* **Data records**:
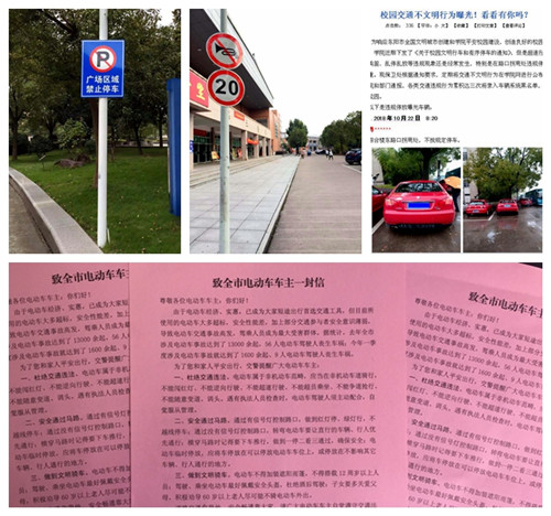 “交通安全你我他,校园文明靠大家”,为东阳市全国文明城市创建和平安校园建设,保卫处近期开展了不文明交通行为整治工作,对交通不文明行为通过现场教育劝导、张贴违停通知单、网上通报曝光等处理方法,交通秩序有明显改善。但是非机动超员乘坐、乱停乱放等现象仍较为严重,希望广大师生积极主动地维护校园道路交通秩序,制止和规劝不文明交通行为。自觉维护校园和谐环境是师生们共同的责任和义务,倡议大家做到以下几点:
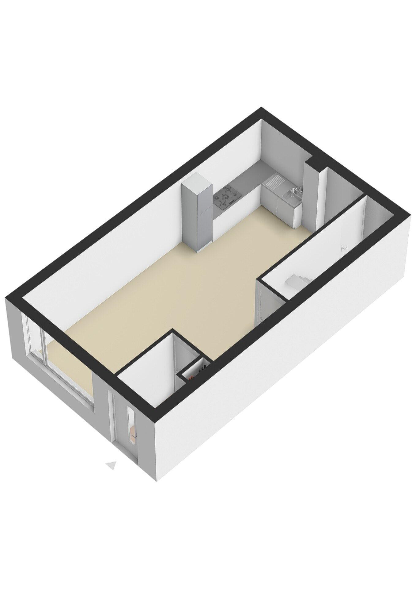 Voorzijde een balkon en toegang tot de woning. Hal. Woonkamer met trapkast en laminaatvloer. Half open keuken met keukeninstallatie in hoekopstelling o.a. voorzien van gaskookplaat, afzuigkap en een combimagnetron. Tochtportaal met trapopgang.
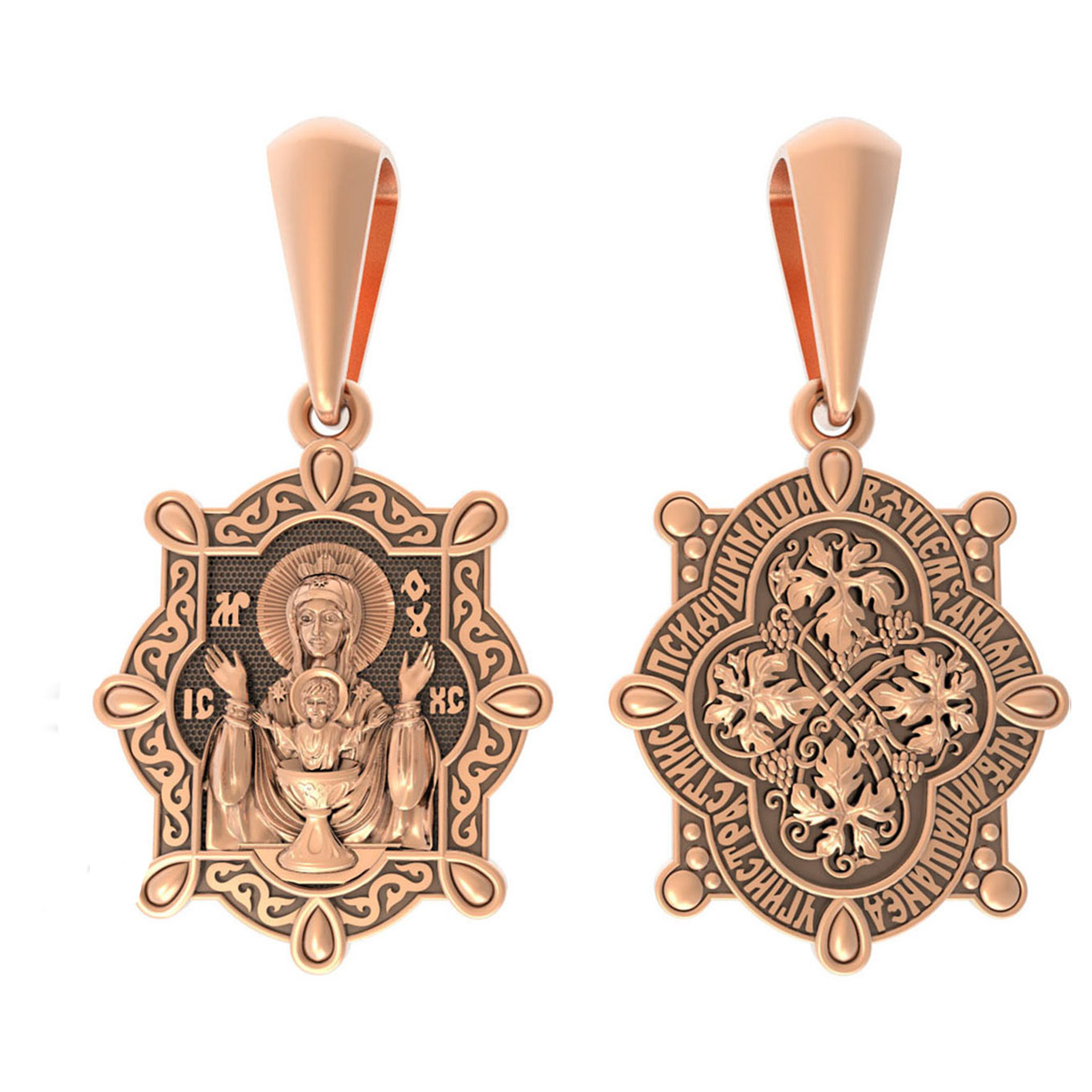 На оборотной стороне изображена виноградная лоза — символы церкви и евхаристии. «Я есмь лоза, — говорил Иисус Христос Своим ученикам, — а вы ветви; кто пребывает во Мне, и Я в нем, тот приносит много плода» (Ин. 15, 5), «Я есмь истинная виноградная лоза, а Отец Мой — виноградарь». Вокруг образка написано: «Владычице Премилостивая, исцели наша недуги и страсти, и спаси души наши».
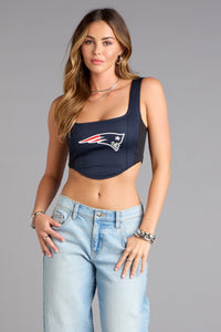 Rep your team with a side of sass. This New England Patriots corset top brings a structured fit, bold logo, and lace-up back detail that’s made to stand out from pregame to postgame.
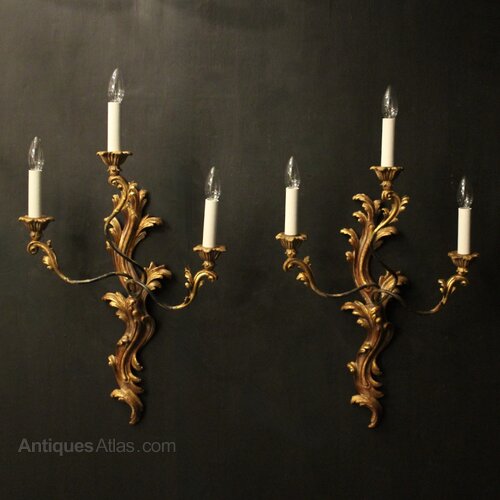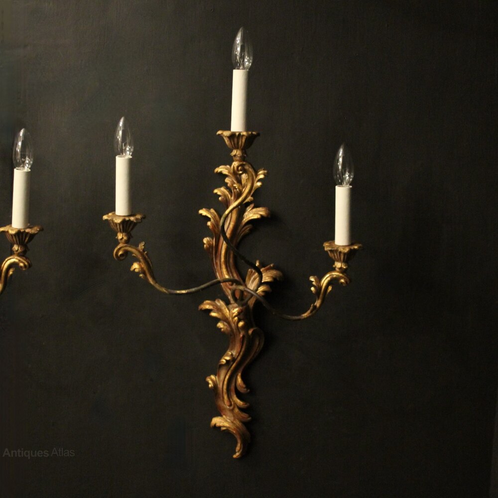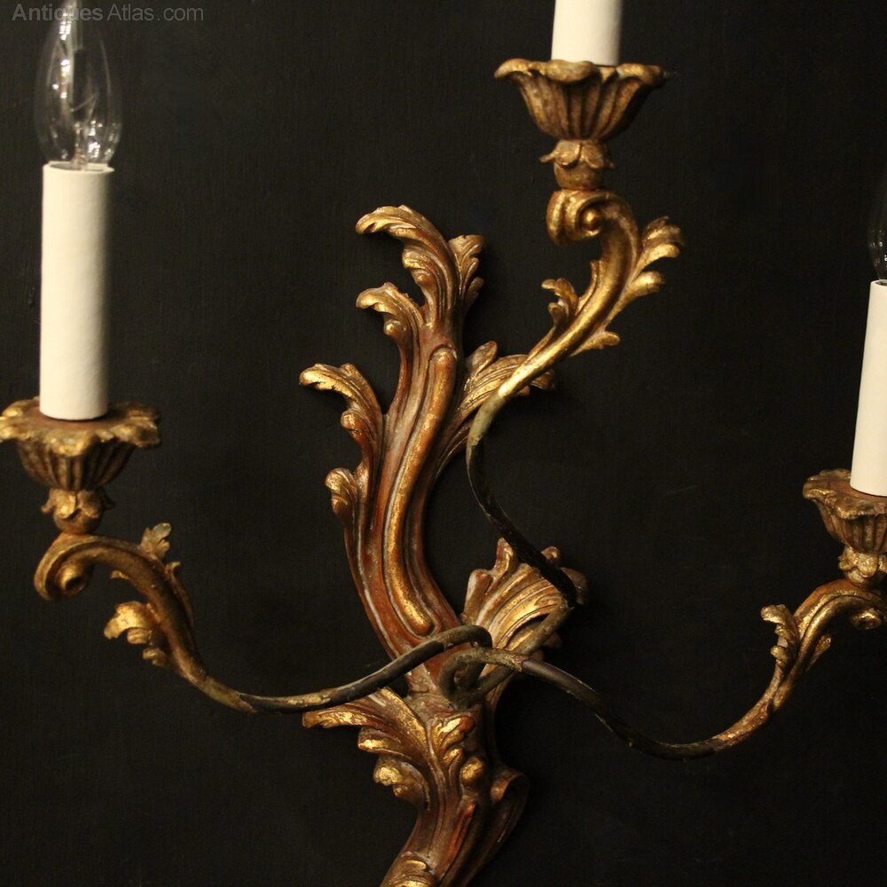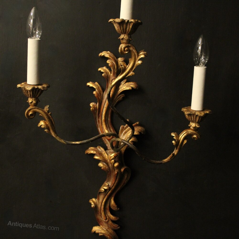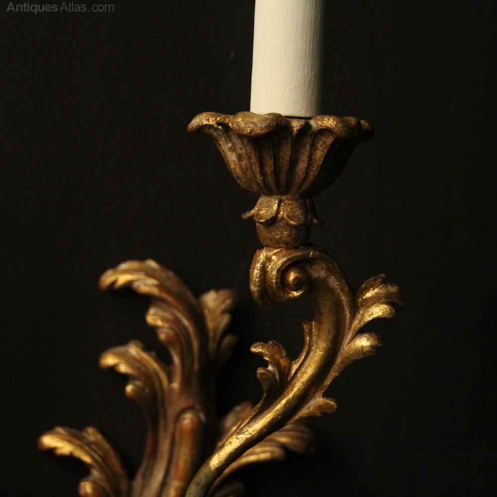 Antique Italian Gilt Toleware & Giltwood Wall Lights
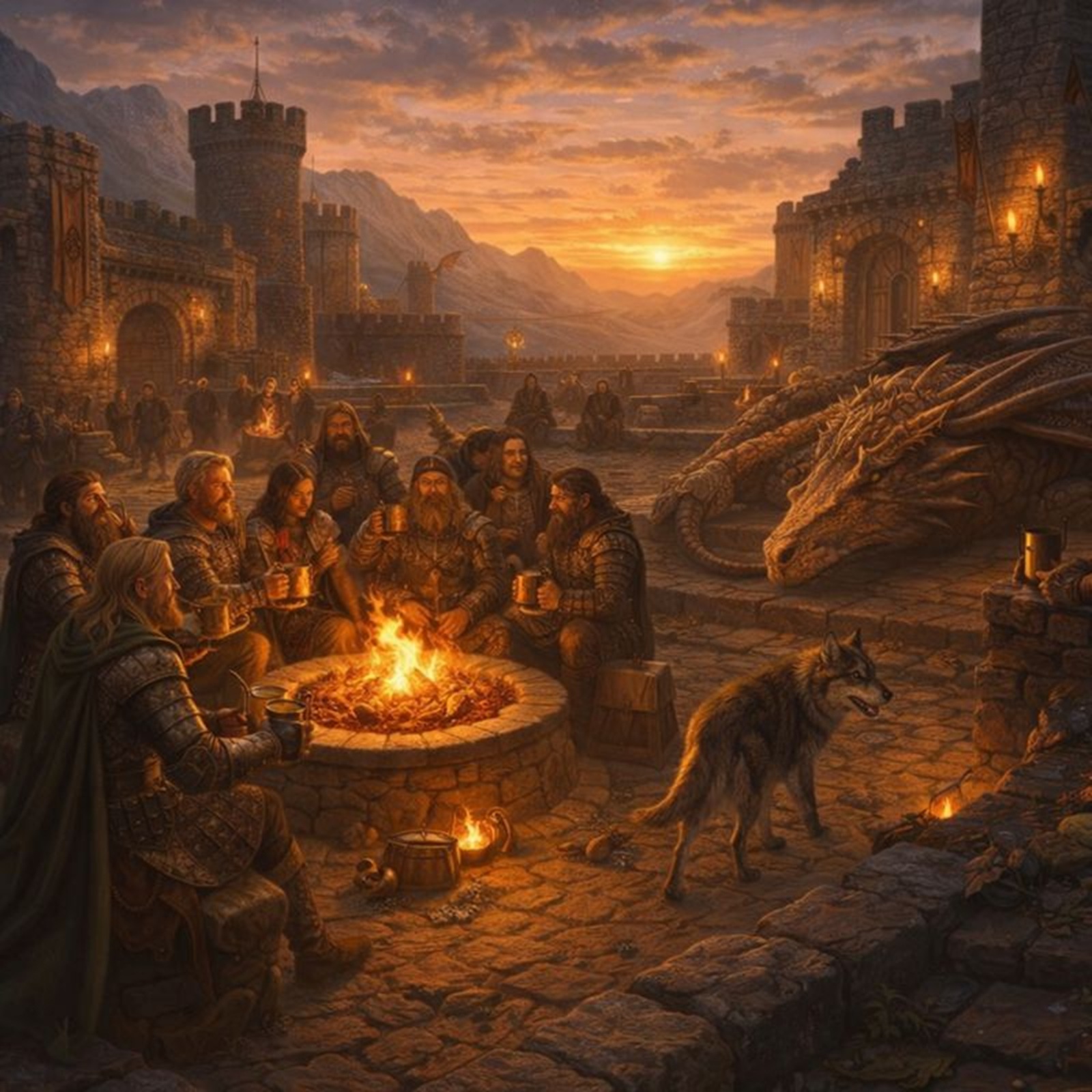 Der mächtige Wolf, Begleiter seit den frühen Tagen der Reise, trottete zwischen den Versammelten umher. Kinder streichelten sein dichtes Fell, während er wachsame Augen über das Fest schweifen ließ. Der große Drache, einst Schrecken der Lüfte, lag nun ruhig und zufrieden am Rande des Platzes. Seine Schuppen glühten schwach im Licht der Flammen – ein uraltes Wesen, das Frieden gefunden hatte.

* **TASK INSTRUCTIONS**:
All the records above must be retyped exactly, except for their pictures.

* **COMPLETED TASK**:
 “交通安全你我他,校园文明靠大家”,为东阳市全国文明城市创建和平安校园建设,保卫处近期开展了不文明交通行为整治工作,对交通不文明行为通过现场教育劝导、张贴违停通知单、网上通报曝光等处理方法,交通秩序有明显改善。但是非机动超员乘坐、乱停乱放等现象仍较为严重,希望广大师生积极主动地维护校园道路交通秩序,制止和规劝不文明交通行为。自觉维护校园和谐环境是师生们共同的责任和义务,倡议大家做到以下几点:
 Voorzijde een balkon en toegang tot de woning. Hal. Woonkamer met trapkast en laminaatvloer. Half open keuken met keukeninstallatie in hoekopstelling o.a. voorzien van gaskookplaat, afzuigkap en een combimagnetron. Tochtportaal met trapopgang.
 На оборотной стороне изображена виноградная лоза — символы церкви и евхаристии. «Я есмь лоза, — говорил Иисус Христос Своим ученикам, — а вы ветви; кто пребывает во Мне, и Я в нем, тот приносит много плода» (Ин. 15, 5), «Я есмь истинная виноградная лоза, а Отец Мой — виноградарь». Вокруг образка написано: «Владычице Премилостивая, исцели наша недуги и страсти, и спаси души наши».
 Rep your team with a side of sass. This New England Patriots corset top brings a structured fit, bold logo, and lace-up back detail that’s made to stand out from pregame to postgame.
 Antique Italian Gilt Toleware & Giltwood Wall Lights
 Der mächtige Wolf, Begleiter seit den frühen Tagen der Reise, trottete zwischen den Versammelten umher. Kinder streichelten sein dichtes Fell, während er wachsame Augen über das Fest schweifen ließ. Der große Drache, einst Schrecken der Lüfte, lag nun ruhig und zufrieden am Rande des Platzes. Seine Schuppen glühten schwach im Licht der Flammen – ein uraltes Wesen, das Frieden gefunden hatte.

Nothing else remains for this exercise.